● **Task description**:
What are the lines below, starting at the line containing "Mexico City 6:00 A.M." and ending at the line containing "Lemon & white chocolate sundae"? Write them out exactly, ends included, without pictures.

● **Supplied entries**:

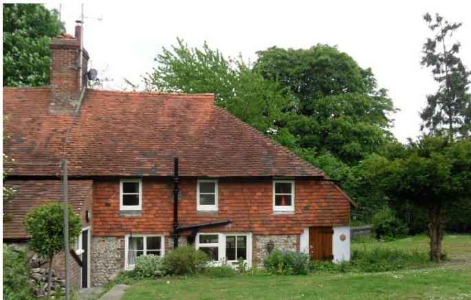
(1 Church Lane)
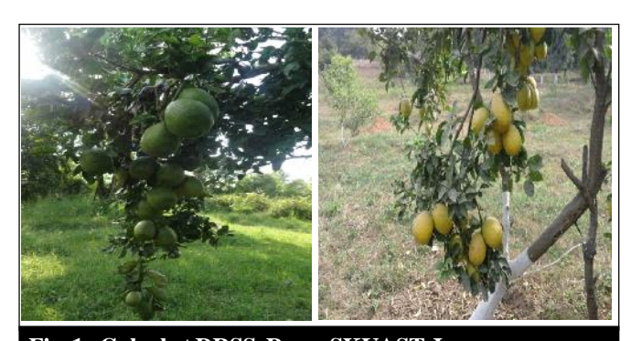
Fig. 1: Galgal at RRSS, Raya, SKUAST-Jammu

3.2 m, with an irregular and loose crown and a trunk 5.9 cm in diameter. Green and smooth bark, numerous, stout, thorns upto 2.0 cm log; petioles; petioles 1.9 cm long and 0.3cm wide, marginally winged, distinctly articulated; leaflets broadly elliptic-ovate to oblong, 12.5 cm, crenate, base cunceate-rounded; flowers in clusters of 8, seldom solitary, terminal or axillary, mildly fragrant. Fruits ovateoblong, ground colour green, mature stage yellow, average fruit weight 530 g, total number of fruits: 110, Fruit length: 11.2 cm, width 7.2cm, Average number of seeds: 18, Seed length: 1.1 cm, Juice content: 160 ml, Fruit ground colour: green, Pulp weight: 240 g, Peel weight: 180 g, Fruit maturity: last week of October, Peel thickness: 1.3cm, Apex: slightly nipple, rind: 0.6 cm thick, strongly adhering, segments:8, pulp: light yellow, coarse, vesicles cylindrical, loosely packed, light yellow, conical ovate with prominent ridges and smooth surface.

--

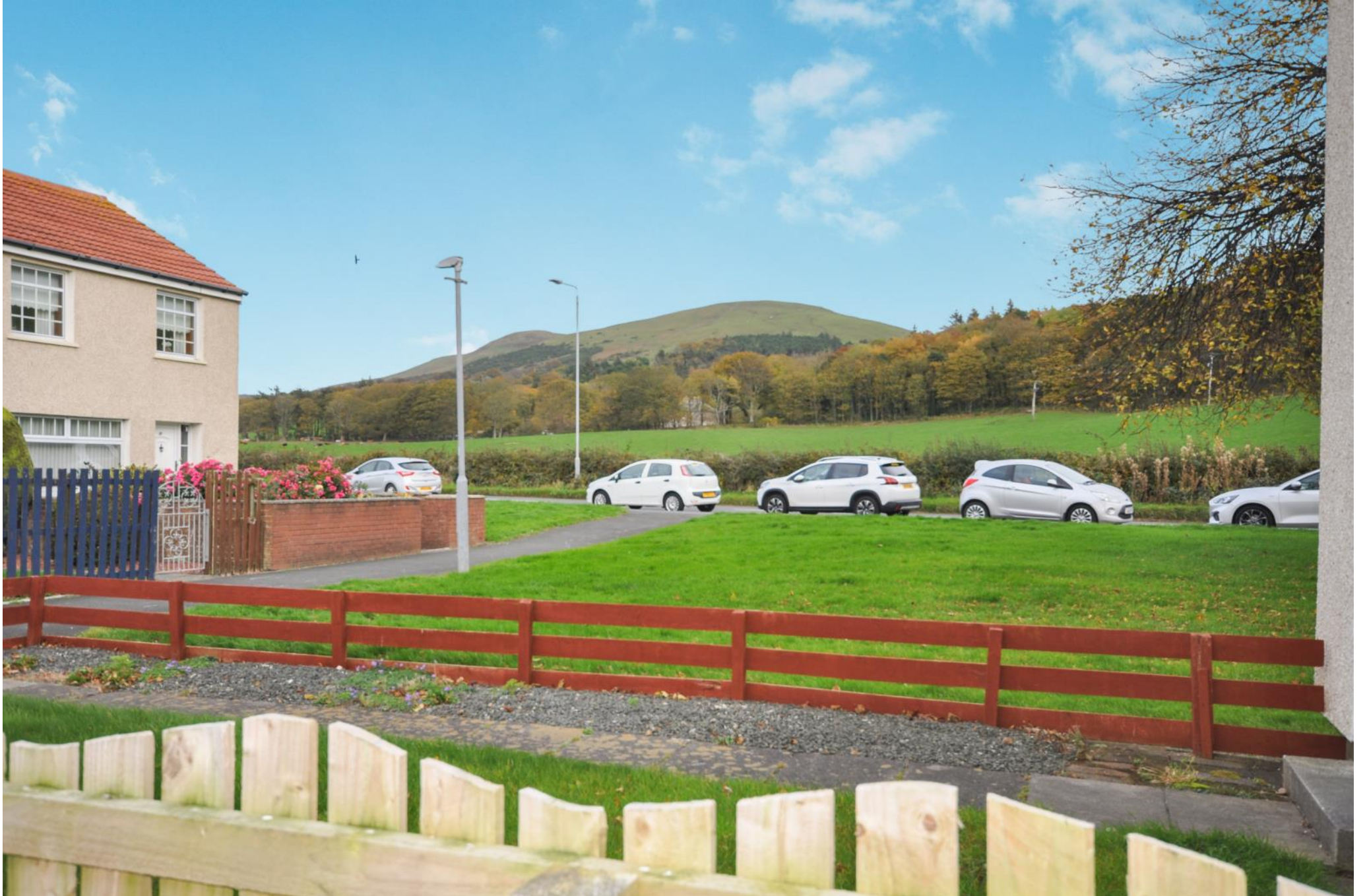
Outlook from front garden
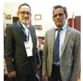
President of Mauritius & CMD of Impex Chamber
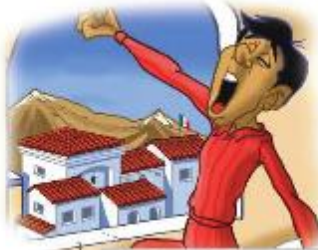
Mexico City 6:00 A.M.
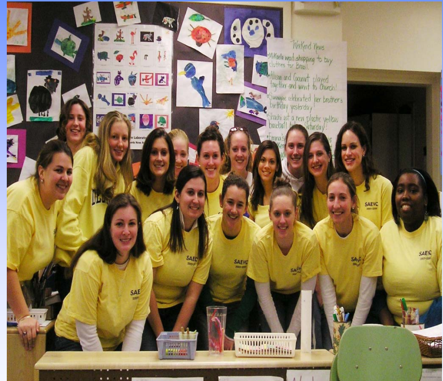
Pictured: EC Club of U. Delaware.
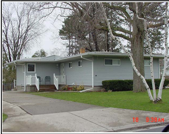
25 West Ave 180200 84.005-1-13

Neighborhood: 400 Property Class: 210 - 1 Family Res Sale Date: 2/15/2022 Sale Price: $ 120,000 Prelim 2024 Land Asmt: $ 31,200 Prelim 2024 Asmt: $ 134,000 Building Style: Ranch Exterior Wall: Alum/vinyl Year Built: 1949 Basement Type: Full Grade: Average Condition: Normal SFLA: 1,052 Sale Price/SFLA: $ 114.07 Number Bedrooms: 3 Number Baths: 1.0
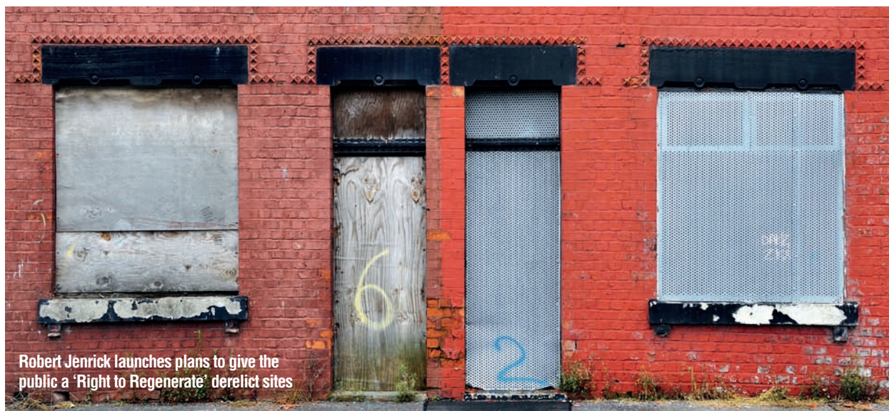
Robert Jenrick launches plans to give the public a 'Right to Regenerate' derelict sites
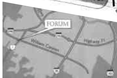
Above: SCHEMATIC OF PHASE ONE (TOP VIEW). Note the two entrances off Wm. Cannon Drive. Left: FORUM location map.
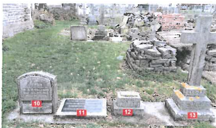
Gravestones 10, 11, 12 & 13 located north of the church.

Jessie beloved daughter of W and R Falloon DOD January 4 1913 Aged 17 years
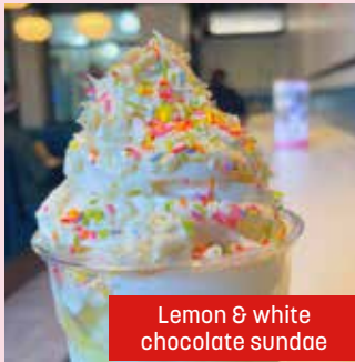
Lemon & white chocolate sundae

● **Task solution**:
Mexico City 6:00 A.M.
Pictured: EC Club of U. Delaware.
25 West Ave 180200 84.005-1-13

Neighborhood: 400 Property Class: 210 - 1 Family Res Sale Date: 2/15/2022 Sale Price: $ 120,000 Prelim 2024 Land Asmt: $ 31,200 Prelim 2024 Asmt: $ 134,000 Building Style: Ranch Exterior Wall: Alum/vinyl Year Built: 1949 Basement Type: Full Grade: Average Condition: Normal SFLA: 1,052 Sale Price/SFLA: $ 114.07 Number Bedrooms: 3 Number Baths: 1.0
Robert Jenrick launches plans to give the public a 'Right to Regenerate' derelict sites
Above: SCHEMATIC OF PHASE ONE (TOP VIEW). Note the two entrances off Wm. Cannon Drive. Left: FORUM location map.
Gravestones 10, 11, 12 & 13 located north of the church.

Jessie beloved daughter of W and R Falloon DOD January 4 1913 Aged 17 years
Lemon & white chocolate sundae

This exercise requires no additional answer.